BBC's 1st woman commentator - Olga Collett

Episode 979,   Jan 11, 2015, 11:12 PM

Women on-air at the BBC were relatively rare in its early days. The tale is often told of the first female newsreader, Sheila Borrett, who was moved from the task after three months in the wake of bags of adverse mail, the majority written by women. In truth, the BBC was probably ahead of many organisations in those days, trying to push women forward to appropriate opportunities.

Olga Collett was another formidable early women broadcaster whose services were used by the Corporation. She’d held down a significant post at ICI, helping to manage 650 staff. At the BBC she became the first women to commentate at outside broadcasts, beginning, I believe in June 1937.

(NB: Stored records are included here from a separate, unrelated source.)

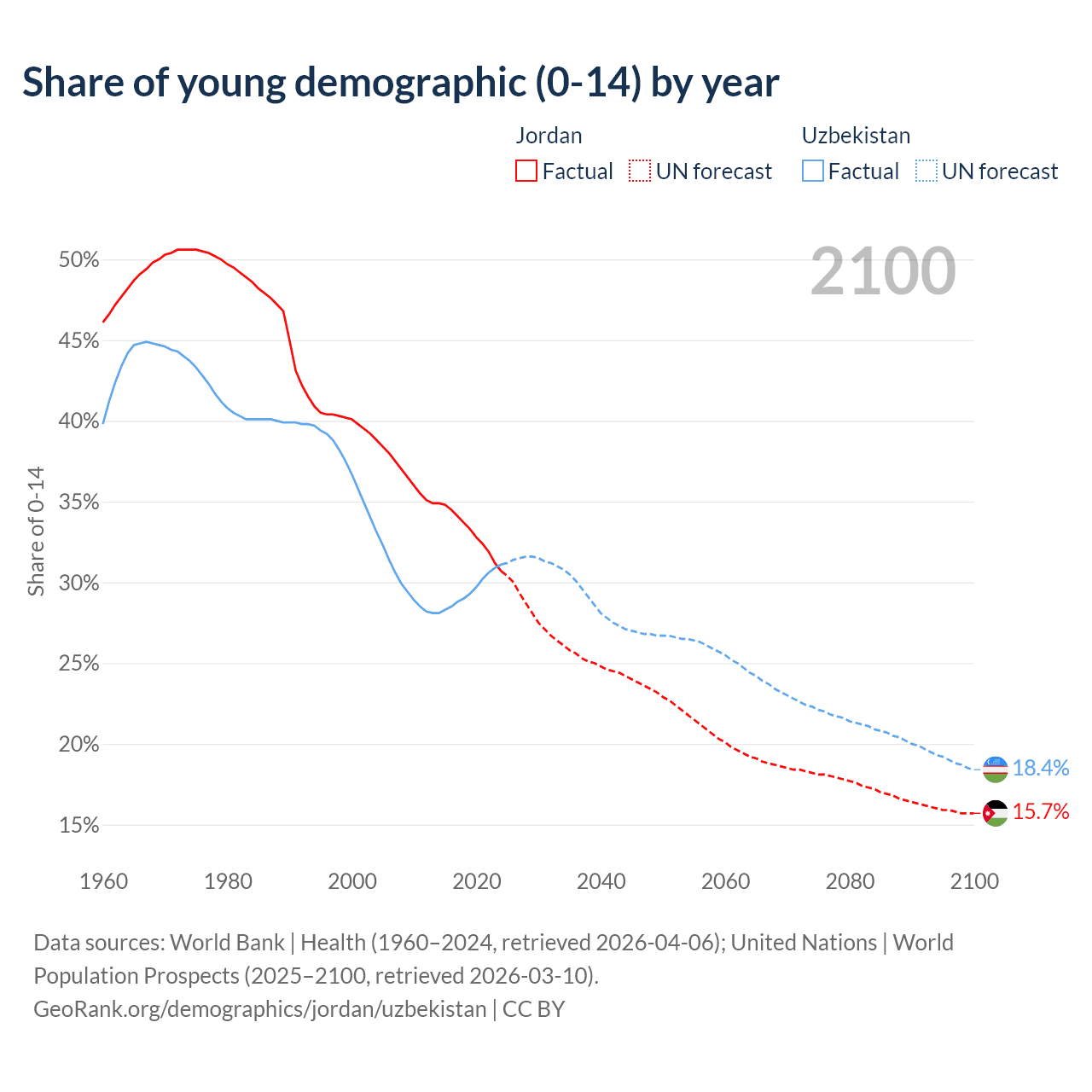 - The share of young demographic (0-15 years old) in Jordan is 30.7% vs 31.1% in Uzbekistan.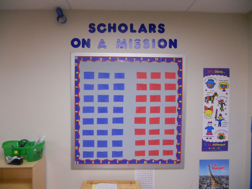 You’ll also see a photo of “Scholars on a mission.” Each kiddo had a little pocket with different “balloons” or concepts in their pocket that they needed to work to master. During centers, they could find a concept to work on and go to the shelves to pick out games that related to that concept. It was genius and helped students stay focused!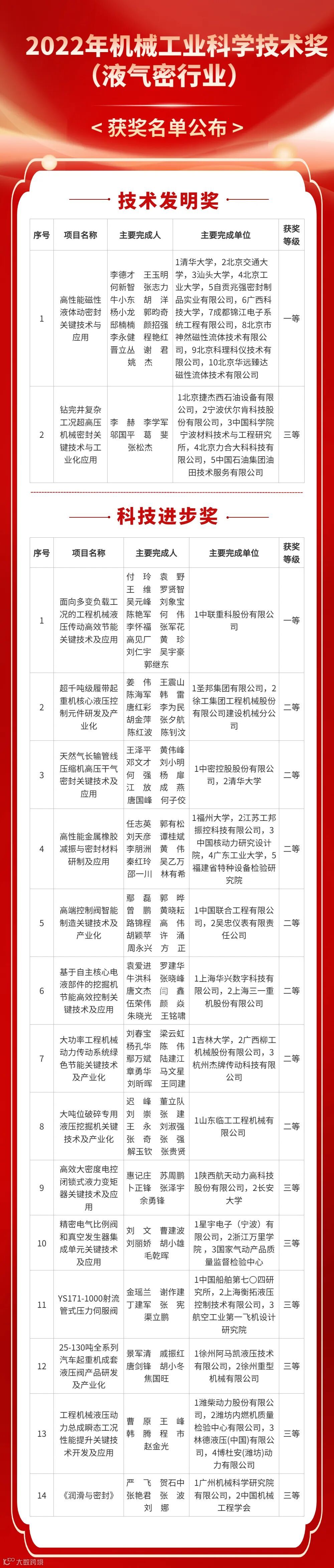 液气密行业获技术发明奖2项、科技进步奖14项,获奖项目详见下表。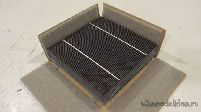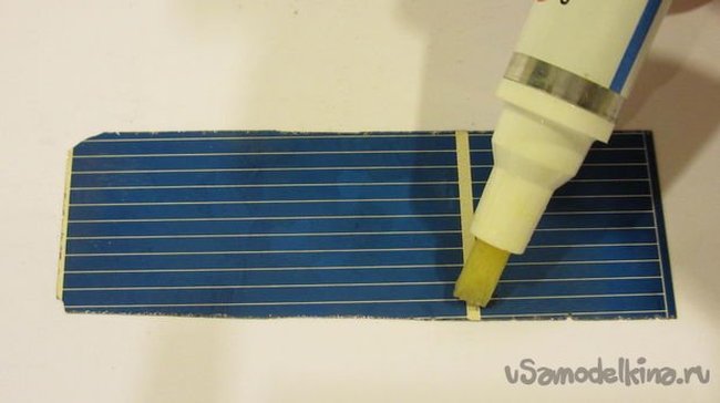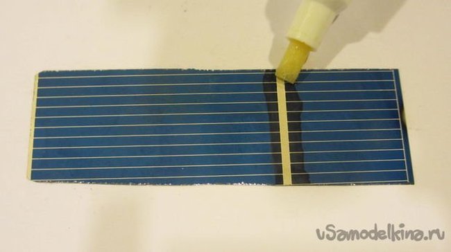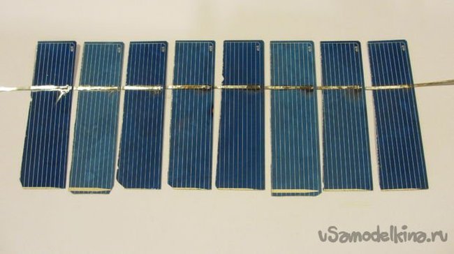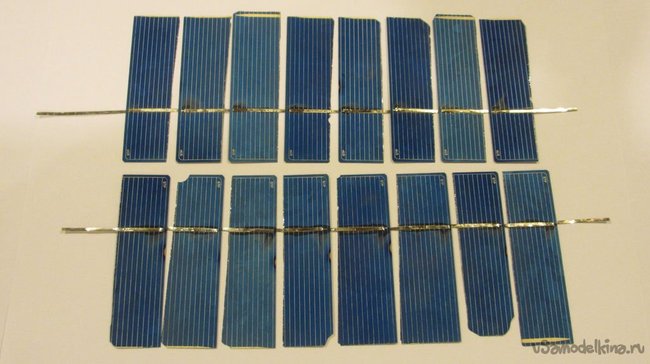 Я спаял две полоски по 8 фотоэлементов вместе, чтобы в итоге получить напряжение 8 вольт.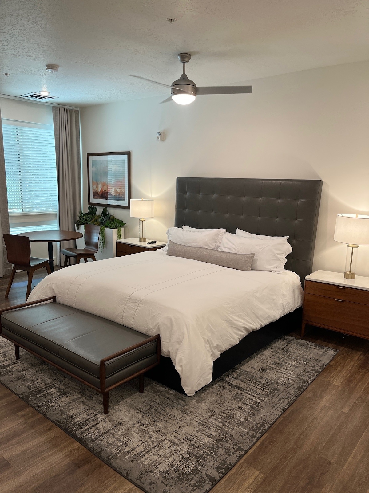 This new modernized apartment comes with a huge Gym, Pool (pool is CLOSED for the winter season, it opens up again in May), Hot Tub (open all year round), Luxury Clubhouse w/ a Pool Table and Shuffle Board, BBQ Grills, Firepits, Pickle Ball Courts, Designated Workspace with High Speed WiFi, AND a Full Kitchen that comes fully stocked w/ cookware, utensils, coffee, and other kitchen essentials. The mounted 55" Roku TV gives access to all your favorite streaming apps.

Like so many gifted commentators, she excelled at ‘filling’. On 21st March 1939, along with John Snagge, Olga was notably charged with commentating at a Command Performance at Covent Garden , in honour of the visit by the French President and Mme Lebrun. The press reported they would ‘describe the scene in the auditorium’. When the special guests arrived fashionably late, Olga rose to the challenge of filling for 35 minutes. She was, rightly, later applauded for her own performance.

Here, enjoy hearing Olga reflecting on her art in 1983, albeit taking exception to the questions from the interviewer, John Lane. The press, who dubbed her ‘the woman commentator’, had suggested she had commentated on Ascot ‘from a woman’s point of view’ and John came to regret he’d leant on that quote.